# [Assigned task]
Print the listing below only from the line that has "Lampa de noptieră" through the line that has "وأعلنت وزارة الاتصالات", exactly, and drop any picture.

# [Exercise data]
________
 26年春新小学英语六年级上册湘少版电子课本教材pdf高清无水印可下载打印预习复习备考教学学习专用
________
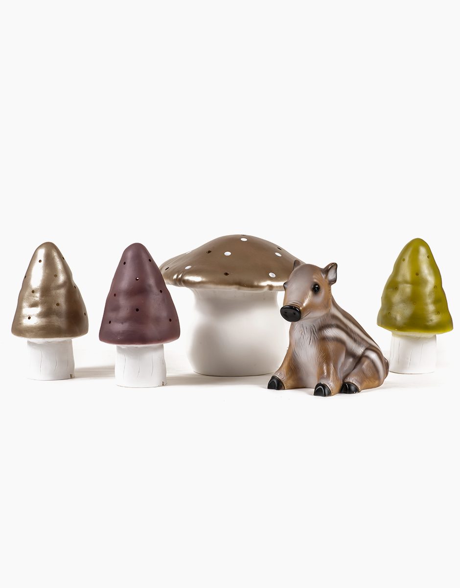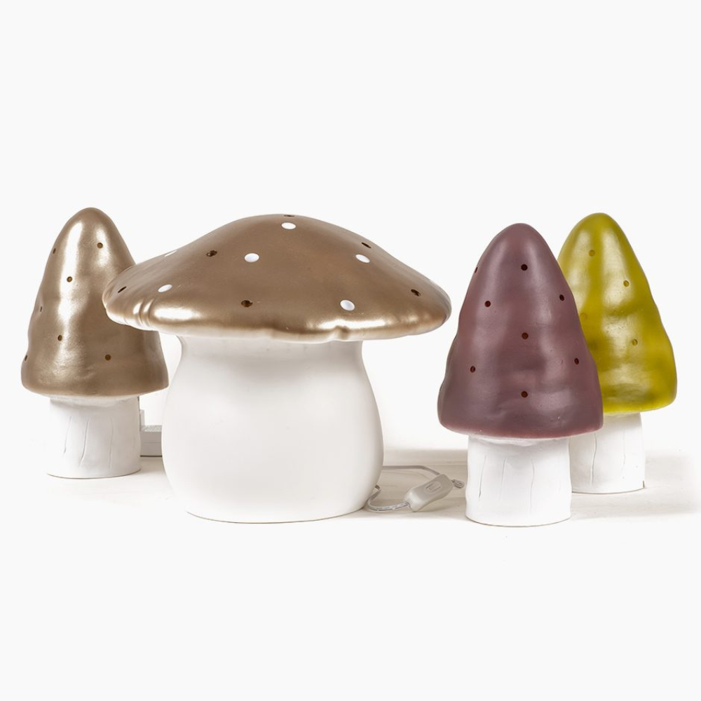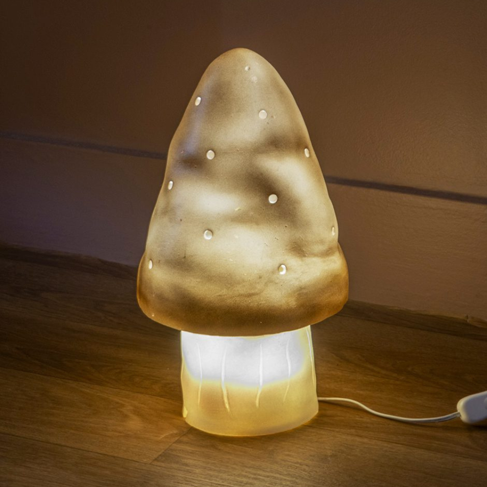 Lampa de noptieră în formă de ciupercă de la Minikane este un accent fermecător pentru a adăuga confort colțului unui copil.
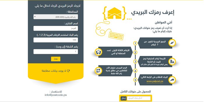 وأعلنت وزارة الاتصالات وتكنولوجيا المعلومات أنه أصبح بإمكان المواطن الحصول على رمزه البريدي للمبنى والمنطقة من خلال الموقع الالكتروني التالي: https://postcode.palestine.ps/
________
# [Output of the exercise]
 Lampa de noptieră în formă de ciupercă de la Minikane este un accent fermecător pentru a adăuga confort colțului unui copil.
 وأعلنت وزارة الاتصالات وتكنولوجيا المعلومات أنه أصبح بإمكان المواطن الحصول على رمزه البريدي للمبنى والمنطقة من خلال الموقع الالكتروني التالي: https://postcode.palestine.ps/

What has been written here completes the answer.